1. Is it worth investing in cryptocurrencies?

Today, cryptocurrencies are considered to be one of the best investment instruments. Why is this so?

  1. Growth in value. Most currencies are rapidly becoming cheaper, and in search of ways to hedge their capital, many investors are turning to cryptocurrencies.
  2. Technologies. Cryptocurrencies are based on stunning solutions, which allow the use of currency anywhere in the world, unless, the government has decided to ban it.
  3. Growth history. Since the creation of bitcoin, investors have benefited greatly from the growth of its price. Thus, investing in assets related to cryptocurrencies gives an opportunity to improve the financial situation.

2. Potential risks

Before investing, it is recommended to check the following risks:

  1. Could it be a bubble? According to some experts, cryptocurrencies are nothing but a bubble. For example, JP Morgan CEO James Dimon shares this opinion, since cryptocoins are not backed up by anything and are highly volatile.
  2. Volatility. With strong price hikes, an investor who has already earned a lot of money can lose them overnight. As an illustration, check the cost of bitcoin over the past three months.
  3. Legal risks. Cryptocurrencies are not globally recognized, that is, one can face the fact that in some countries it is impossible to create a cryptocurrency wallet or pay in a store. In addition, if you earn money in the cryptocurrency, you may have problems when declaring taxes, because in most countries, governments have not yet developed appropriate regulations.

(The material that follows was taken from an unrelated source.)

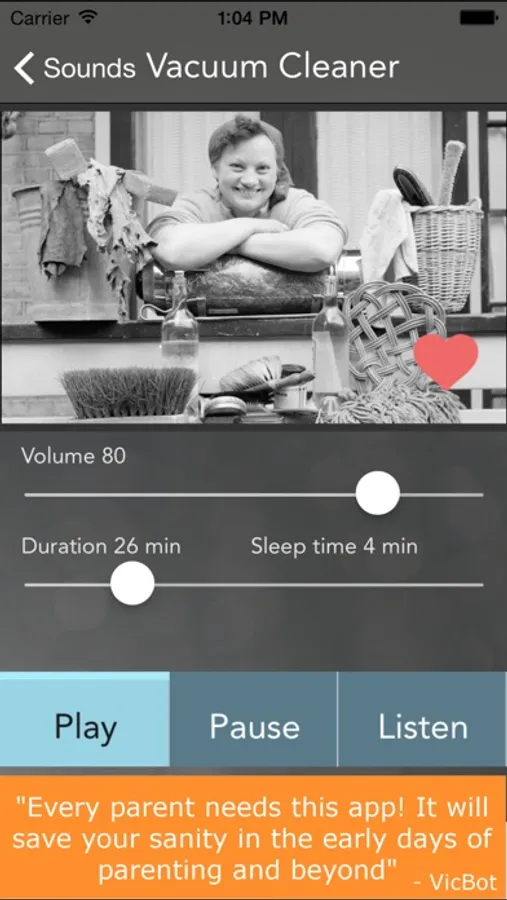 - Listen Mode: Your baby’s cry turns on the app automatically to soothe her at night.

3. Choosing cryptocurrency to invest in

This is a tricky one, since many factors need to be taken into account. Let's consider the most important ones:

  1. Recognition. Before investing, find out which countries recognize the cryptocurrency you chose and if it is accepted as a legitimate medium of exchange.
  2. Portability. Digital money should be easy to move without any problems.
  3. Safety. This is an important aspect of all legal currencies whether it is a US Dollar or Chinese Yuan, which means that a good digital currency should also be secure.

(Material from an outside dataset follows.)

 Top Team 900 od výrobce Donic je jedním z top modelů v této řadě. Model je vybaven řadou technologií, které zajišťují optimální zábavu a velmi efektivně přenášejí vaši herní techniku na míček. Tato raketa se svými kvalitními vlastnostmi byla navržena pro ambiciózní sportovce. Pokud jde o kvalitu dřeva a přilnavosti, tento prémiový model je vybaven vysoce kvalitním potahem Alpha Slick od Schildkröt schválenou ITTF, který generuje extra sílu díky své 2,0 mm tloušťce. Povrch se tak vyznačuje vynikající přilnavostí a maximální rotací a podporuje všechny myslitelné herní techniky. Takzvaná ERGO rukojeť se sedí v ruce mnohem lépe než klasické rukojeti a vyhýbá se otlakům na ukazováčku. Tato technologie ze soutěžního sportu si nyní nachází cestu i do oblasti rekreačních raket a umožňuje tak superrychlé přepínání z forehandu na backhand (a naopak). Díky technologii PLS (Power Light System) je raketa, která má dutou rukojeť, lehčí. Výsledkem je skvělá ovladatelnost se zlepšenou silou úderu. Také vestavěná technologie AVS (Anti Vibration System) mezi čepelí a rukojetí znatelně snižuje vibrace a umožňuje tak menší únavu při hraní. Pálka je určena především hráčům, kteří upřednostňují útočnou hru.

In the last few years we witnessed creations of many digital currencies, and each of them promised to grow faster than others. Here are the most common ones:

  • Bitcoin. For now bitcoin (EXANTE: Bitcoin) remains the most valuable cryptocurrency with a high return on investment. However it is not immune from high volatility.
  • Ethereum. Ethereum (ETH/USD) is next in the list because of its large market capitalization and high price.
  • Litecoin. Litecoin (LTC/USD) is considered a very stable cryptocurrency. Traders even often call it the main hedge asset of this market, even though it was influenced by an ICO ban in China.

There are more cryptocurrencies, not included in this list.

4. To start your investment…

  1. Choose the cryptocurrency you want to invest in.
  2. Keep some funds for the investment. Any investment requires planning, so you need to decide how much you would like to invest in crypto assets and how often - weekly or monthly. Set aside the amount for this purpose and wait for a good opportunity.
  3. Create a wallet. The address of such a wallet allows you to request and receive the purchased coins. There are different kinds of wallets - each for its own cryptocurrency.
  4. Register on the exchange. Trading takes place on stock exchanges, and there are a lot of them: Coinbase, Binance, etc.
  5. Buy the chosen cryptocurrency. If you do not know how to do this, contact the support team of the exchange you registered at and they will be happy to help you.
  6. Transfer your coins to an offline storage. Autonomous storage allows you to save funds from hacking.

Keep in mind that investing in cryptocurrencies is always risky, so it’s better if you thoroughly research before making a decision.